Northwestern offers courses at Stateville Correctional Center

    Professor Jennifer Lackey teaches students at Stateville Correctional Center as part of the Northwestern Prison Education Program.

    Photo courtesy of Monika Wnuk / Northwestern University

    Northwestern recently announced a new partnership with the Illinois Department of Corrections (IDOC) that gives inmates at Stateville Correctional Center the opportunity to earn a liberal arts degree while serving their sentence.

    Stateville Correctional Center, located just 2 hours from Evanston in Crest Hill, Illinois, is one of 28 prisons owned by IDOC, but Northwestern Prison Education Program (NPEP) will be the first of its kind to be offered in an Illinois state prison. IDOC has implemented several education programs to their prisons, but NPEP is the first to offer a path to a degree.

    Courses through NPEP are tuition-free and administered through the Northwestern School of Professional Studies. If completed, the courses will lead to reduced time on an inmate’s sentence.

    NPEP is available to all inmates with either a high school diploma or GED. With this program, both Stateville Correctional Center and Northwestern hope to reduce recidivism and give inmates the opportunity for education during their sentence.

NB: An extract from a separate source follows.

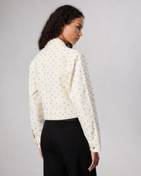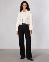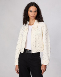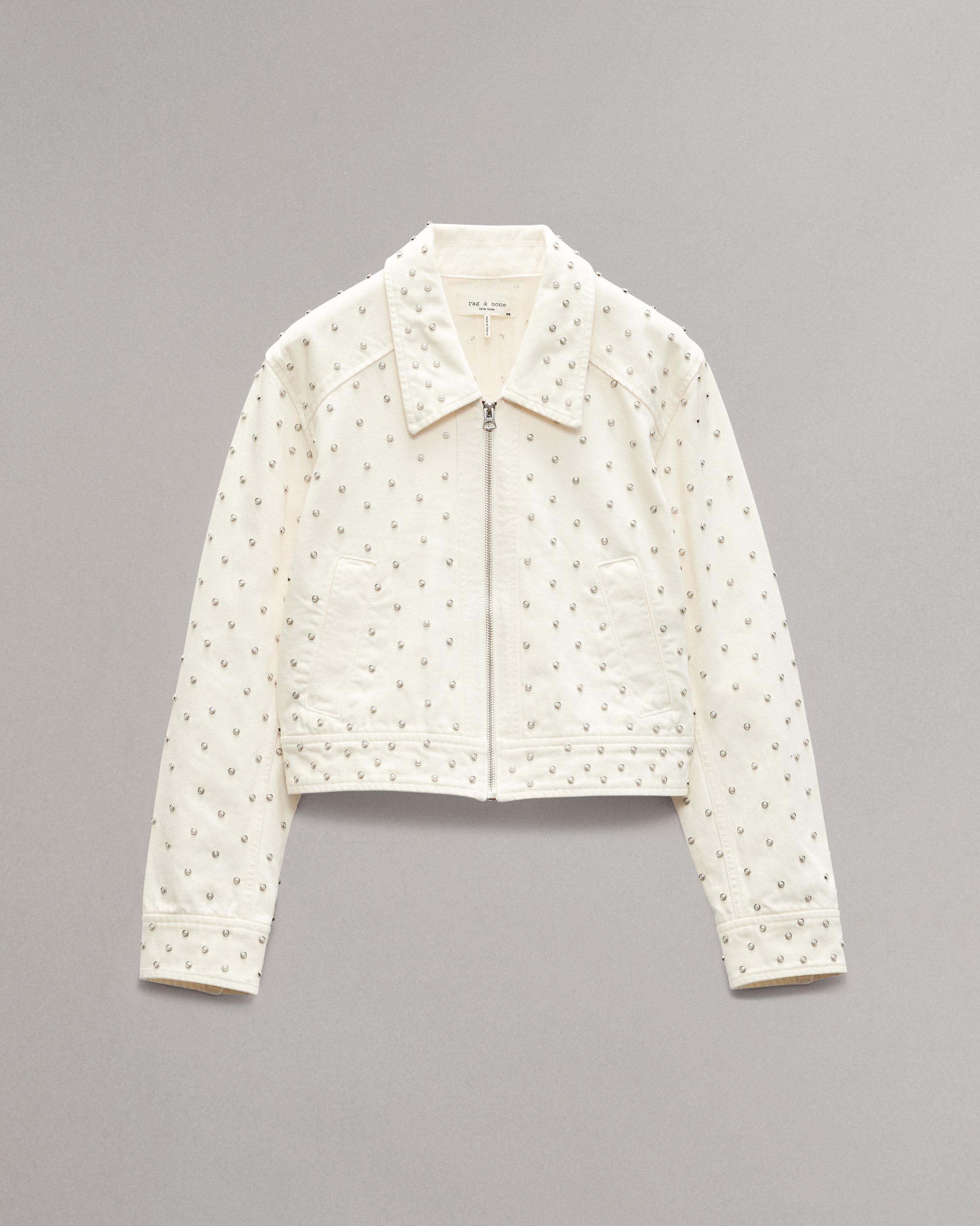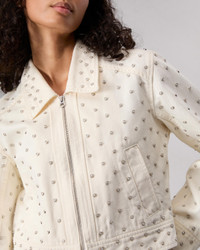 Your classic zip-up trucker jacket, updated with metal-rimmed faux pearls studded throughout. Crafted from Lightweight Rigid non-stretch denim that provides structure, but breaks in over time for a soft and comfortable feel. In Ecru, a cream hue. Size & Fit Fits true to size Size Small: Front length 20 3/4", back length 18 3/4", chest 40 3/4", sleeve length 33" Model is 5'9" wearing size small Features & Details 100% Cotton Unlined Dry clean only Signature center front zipper All over pearl studs Zipper closure Front body welt pocket Imported Product ID: WDD24H1487RGEC

    Jennifer Lackey, NPEP director and a professor of philosophy at Northwestern, has been teaching not-for-credit classes at Stateville for the last four years.

    “The classroom is absolutely transformative for these students. They come in identified by cell house and prison ID number, but in here it’s just Robert, just Tyrone,” Lackey said in a statement. “They learn how to develop their own perspectives and how to listen to each other. It’s as vital a community of scholars as we have at Northwestern.”

    One of the first courses being offered is “The Sociology of Chicago.” It is being taught in both Stateville and as a first year seminar in Evanston by sociology professor Mary Pattillo, and it examines Chicago through a sociological lens.

    In her course, she wants to bring attention to certain things that people see as natural.

    “Things that we think we understand...we want to make those things strange, meaning what we think is common sense, we want to complicate that,” Pattillo said.

    Pattillo has the opportunity to teach her course in two very different environments, and she cannot say enough positive things about her experience with her students as Stateville thus far.

    During reading week, Pattillo plans to bring her first year seminar to Stateville and allow the two groups to discuss what they have learned throughout the quarter.

    “Black men and women are wildly overrepresented in the criminal justice system. I’m trying to teach a class to try to bring some humanity to what is otherwise an inhumane and unjust system,” Pattillo said.

    NPEP is an attempt to create a better future for inmates.

    “All they need is to be given the chance,” Lackey said in a statement.